43. Kapitel
Tia wanderte allein durchs Schloss und genoss die Ruhe.
Sie genoss nicht die erdrückende Stille, das Fehlen der Gerüchte von Lehrern und Schülern oder die Dunkelheit, die doch irgendwie leicht angsteinflößend war, obwohl Tia sehen konnte, aber sie genoss doch einmal einen Moment, in dem sie allein war.
Es war gerade so früh, dass es Schülern erlaubt war, ihre Betten zu verlassen, aber das tat keiner, der noch ganz richtig im Kopf war – außer Tia natürlich, die sowieso schon die ganze Nacht wach gewesen war und Hausaufgaben erledigt hatte, Zauber für Lupin gelernt hatte und auch ein wenig gezeichnet hatte.
Schließlich nach den Stunden war es ihr doch zu langweilig geworden und sie hatte sich aus Langeweile doch irgendwann aus dem Turm gewagt.
Zu Morgengrauen traf sie die Müdigkeit, wie ein fahrender Zug, aber sie konnte jetzt nicht mehr zurück ins Bett, weil es sowieso schon bald Zeit fürs Frühstück war. Es lohnte sich nicht mehr, noch eine Runde zu schlafen, da blieb Tia lieber wach und schlief dafür am Abend früher ein oder hielt ein Mittagsschläfchen in der Bibliothek.
Plötzlich, kurz nach Sonnenaufgang hörte sie Schritte, gefolgt von einem bekannten Geruch, sowie auch den metallischen Geruch von Blut.
Sie sah Lupin erst, als er um die Ecke ging und er sah schrecklich aus. Er trug alte Kleidung, aber trotzdem sah Tia, wie seine Arme aufgekratzt waren und ein Kratzer war tief genug, dass das Blut seinen Umhang dort rot färbte.
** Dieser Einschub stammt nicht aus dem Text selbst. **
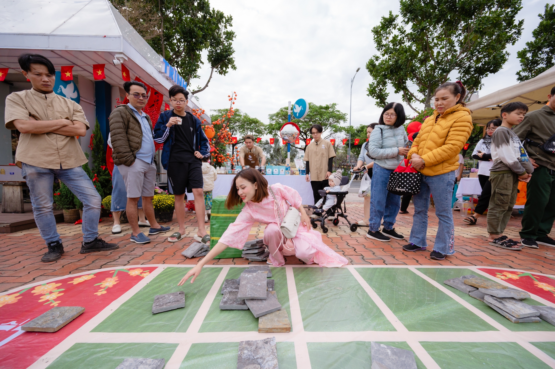 Các trò chơi dân gian như ô ăn quan, đi cà kheo hay nhảy sạp được tổ chức nhằm tái hiện những ký ức tuổi thơ quen thuộc. Đây cũng là dịp để các thế hệ trẻ trải nghiệm văn hóa truyền thống trong không gian vui tươi, cởi mở. Không gian phiên chợ còn đặc biệt ấn tượng với gian hàng của Trình Cà Phê, nơi mang đến những ly cà phê đậm đà hương vị Việt. Ngoài ra, các gian hàng còn bày bán mứt Tết và đặc sản địa phương cũng khiến người tham quan thích thú.

Vor Schreck blieben Lupin und Tia erschrocken stehen und starrten sich an, erwartungsvoll und abwartend, was der Gegenüber machen würde.
„Äh... Tara... guten Morgen", Lupins Stimme war heißer und er sah wirklich müde aus – beinahe so müde, wie Tia.
„Guten Morgen, Professor", meinte Tia fröhlich wie immer und beschloss, Lupins Auftreten zu ignorieren, „Sie scheinen ebenso schlecht geschlafen zu haben. Vollmondnächte sind die schlimmsten, oder?"
Lupin öffnete den Mund, um zu antworten, aber Tia ließ ihm keine Zeit dazu: „Was Sie jetzt brauchen, ist ein Stück Schokolade von meiner abuelita. Zum Glück habe ich eine da!"
Tia holte aus ihrem Umhang eine Tafel Schokolade hervor und reichte sie Lupin, der sie sprachlos entgegennahm.
„Sie können ruhig die ganze Tafel behalten – Sie sehen so aus, als könnten Sie sie brauchen", winkte Tia ab, „Meine Oma hat mir gerade erst wieder einige geschickt. Sie sendet mir immer so viel Schokolade."
„Äh... danke", stammelte Lupin.
„Keine Ursache", winkte Tia ab, „Aber jetzt gehe ich lieber zum Frühstück. Ich brauche eine gute, heiße Schokolade. Vielleicht sollten Sie auch eine trinken – die kann wirklich Wunder bewirken", schlug Tia vor, „Wir sehen uns beim Nachhilfeunterricht?"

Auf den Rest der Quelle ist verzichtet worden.